Suppose that you need to compare two signed numbers, where they are assumed to be in two’s complement form, with 0xFF000000 in register r0 and 0xFFFFFFFF in register r1. If you wanted to branch to some code only if the first number was less than the second, you might have something like
CMP r0, r1 ; r0 < r1?
BLT algor
For this case, the branch would be taken, as register r0 holds a large, negative number and register r1 holds –1. If you assume that the two numbers are unsigned, BCC should be used instead, as register r1 would hold the larger number.
Since any real code will have something more than just arithmetic and control instructions, the whole notion of looping through code needs to be addressed. We need the ability to execute a section of code multiple times, so we’re going to start off the discussion of loops by looking at a real problem. Suppose that we had a register containing a binary value that needed to be normalized. In other words, we need to have the leading 1 in the most significant bit, even if we have to shift it to get it there. This does actually come up in numerical algorithms, such as the Newton–Raphson division algorithm, logarithmic routines, and some priority decoders. This problem is so significant that ARM decided to add a new instruction (CLZ, or Count Leading Zeros) to the version 5TE architectures and beyond, just to reduce the cycle count of certain mathematical routines. Since the ARM7TDMI does not have this instruction, it makes a good example to code.

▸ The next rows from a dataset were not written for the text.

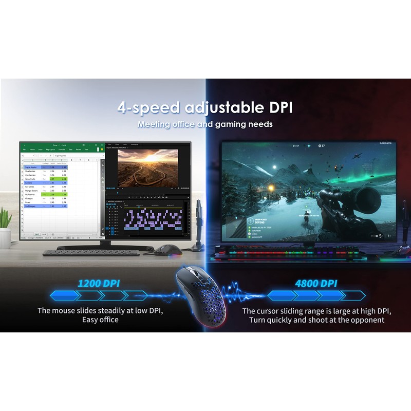- CYD Wired gaming mouse extra functions have some advanced functions, gaming mouse with side buttons that allow smooth and comfortable gaming and facilitate gaming without much movement interruptions. 4 adjustable DPI levels 1200/2400/4800/7200, CYD Mouse gaming functions ensure smoother and uninterrupted movements while playing.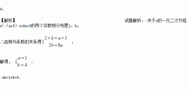 关于x的一元二次方程的两实根分别为2和b,则ab=____。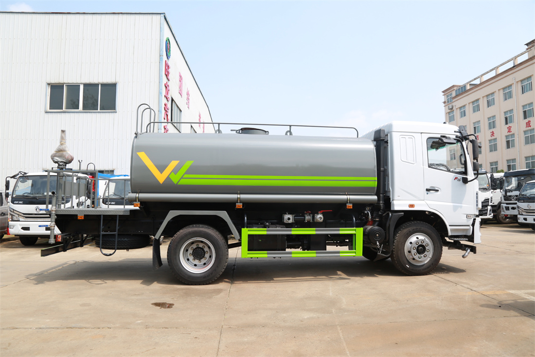灑水車前裝有鴨形噴嘴或圓頭沖嘴,后面裝有圓柱開灑水噴嘴或蓮蓬頭噴嘴,后部有一工作平臺,裝配有水炮。后部還可裝8個噴嘴(選裝)。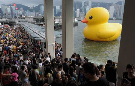 O porto de Victoria, em Hong Kong, China, foi tomado por milhares de pessoas dispostas a ver pela última vez o famoso pato gigante inflável, no último domingo. O pato foi criado pelo artista holandês Florentijn Hofman.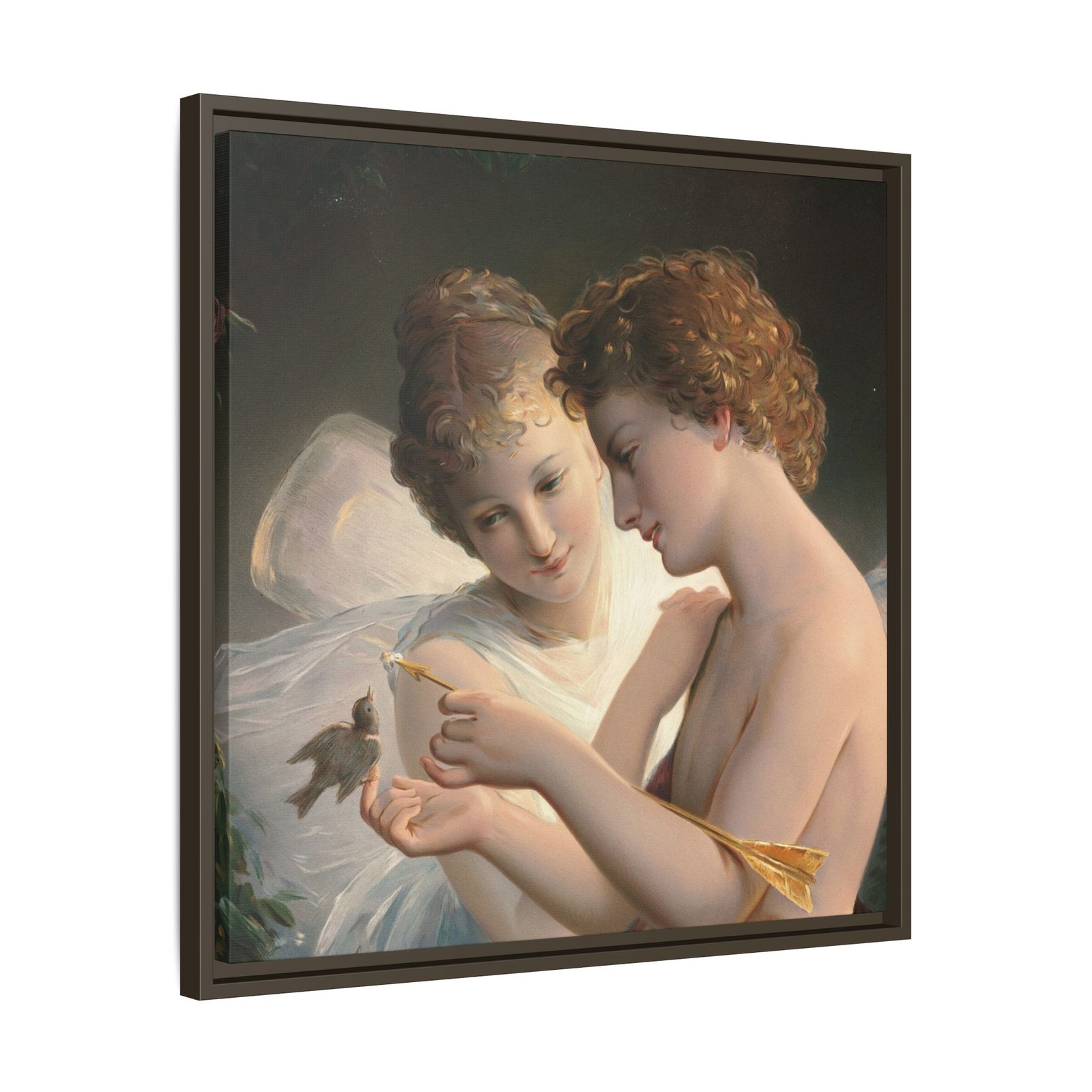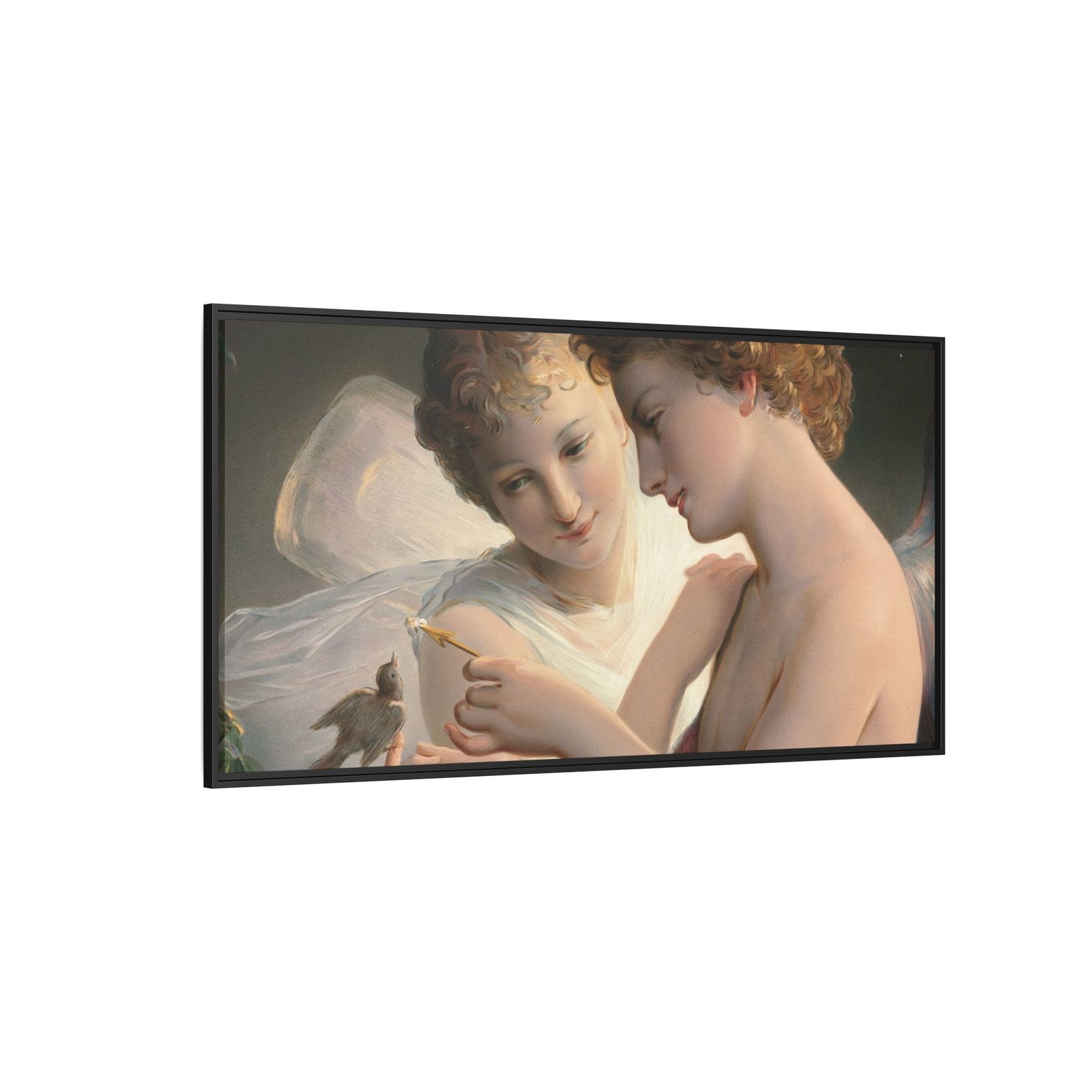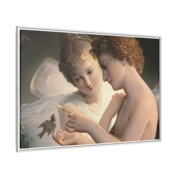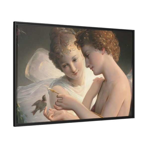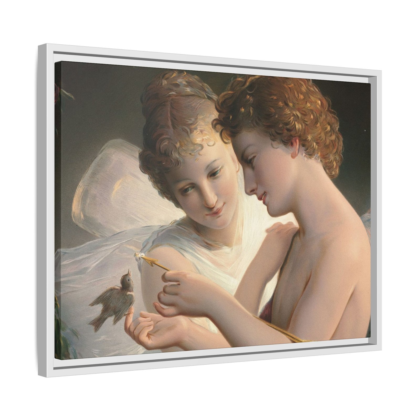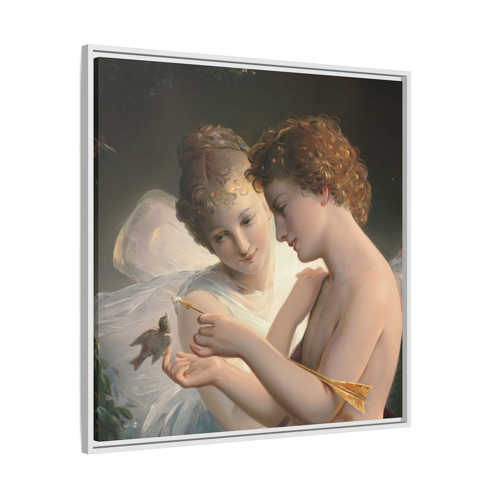 Две крылатые фигуры нежно держат маленькую птицу среди пышной зелени и цветущих роз. Их мягкие выражения лиц и лёгкие, струящиеся одежды создают спокойную и интимную атмосферу.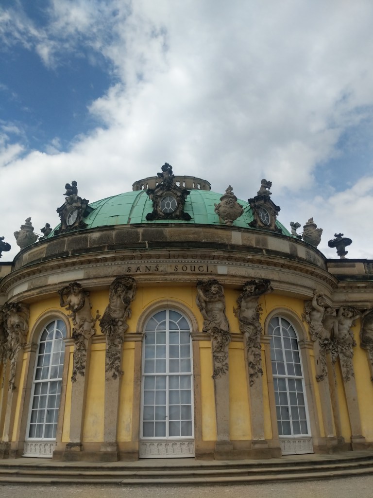 After lunch we made our way towards Sans Souci, the beautiful palace of Frederick the Great. Georgina did a great job of walking us through the many Fredericks (or more precisely Friedrichs) in Prussian history, and after her tale of Frederick the Great, I was completely enthralled by this emperor. European history for me is largely through an Anglo-Saxon post-colonial cultural filter. Perhaps he was fleetingly mentioned when we read a bit about Bismarck in school. I think what touched me most was the story of his teenage crush (?) and subsequent escape with his tutor. Frederick’s father (also a Frederick) was a tough man who didn’t like the softer side of life, and when his prodigal son was brought back, Frederick Sr. had the tutor executed while the son watched. Ironically, Frederick Jr. saw more military action than his father ever did, expanding and strengthening the Prussian empire; however his heart was still artistic. At any moment he could, he used to escape into the beauty of Potsdam and to his palace that he called…Sans Souci, in French“without a care“.

For our normalization task, the flowchart in Figure 8.3 might help to decide how this algorithm will be implemented. The first thing to test for is whether the argument is either zero or already normalized—if there’s nothing to do, then the routine should just stop. Otherwise, we want to shift it by one bit to the left and increment the shift counter, which could be used by another routine to tell how much the original value had to be shifted. The routine should check to see if the most significant bit is now set, as this would be the place to stop. If it’s not, the code should go back and repeat the shift/increment/test portion again.

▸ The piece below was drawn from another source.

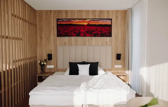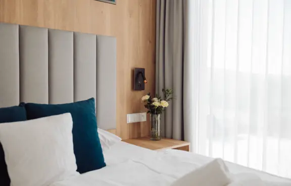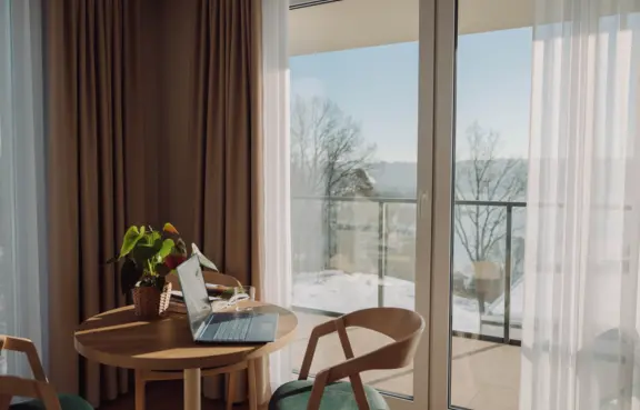 Baza noclegowa: obiekt dysponuje 49 komfortowymi pokojami oraz apartamentami o zróżnicowanym standardzie. Nowoczesne wnętrza oraz duże przeszklenia zapewniają gościom piękne widoki na okoliczną przyrodę i komfortowy wypoczynek po intensywnym dniu spotkań biznesowych.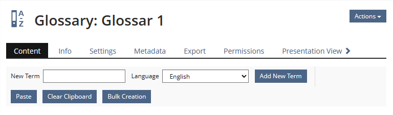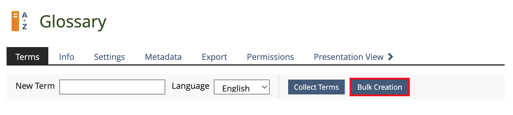 Process starts in "Glossary > Editing > Terms" view. A new Button "Bulk Creation" opens the input form.

The code for this algorithm might look like the following:
AREA Prog8a, CODE, READONLY
ENTRY
main
MOV r4, #0 ; clear shift count
CMP r3, #0 ; is the original value <= 0?
BLE finish ; if yes, we’re done
loop LSLS r3, r3, #1 ; shift one bit
ADD r4, r4, #1 ; increment shift counter
BPL loop
finish
B finish
END
The first type of branch we see is the BLE just above the loop statement. The comparison above sets the flags in the CPSR, and if the number is negative (indicated by the most significant bit being set) or zero, then the condition forces the code to branch to the label finish. Otherwise, it continues to the first instruction inside the loop, which shifts the value one place to the left. An important point to note here is that an “S” has been appended to the LSL instruction because we have to tell the machine to set the flags again for the loop condition. The ADD will not have any effect on the flags, since arithmetic instructions do not set flags unless told to do so. The BPL, or Branch if Positive or zero, instruction simply says to check the flags again, and as long as the most significant bit is clear, i.e., the value is still not normalized, to branch back to the label loop.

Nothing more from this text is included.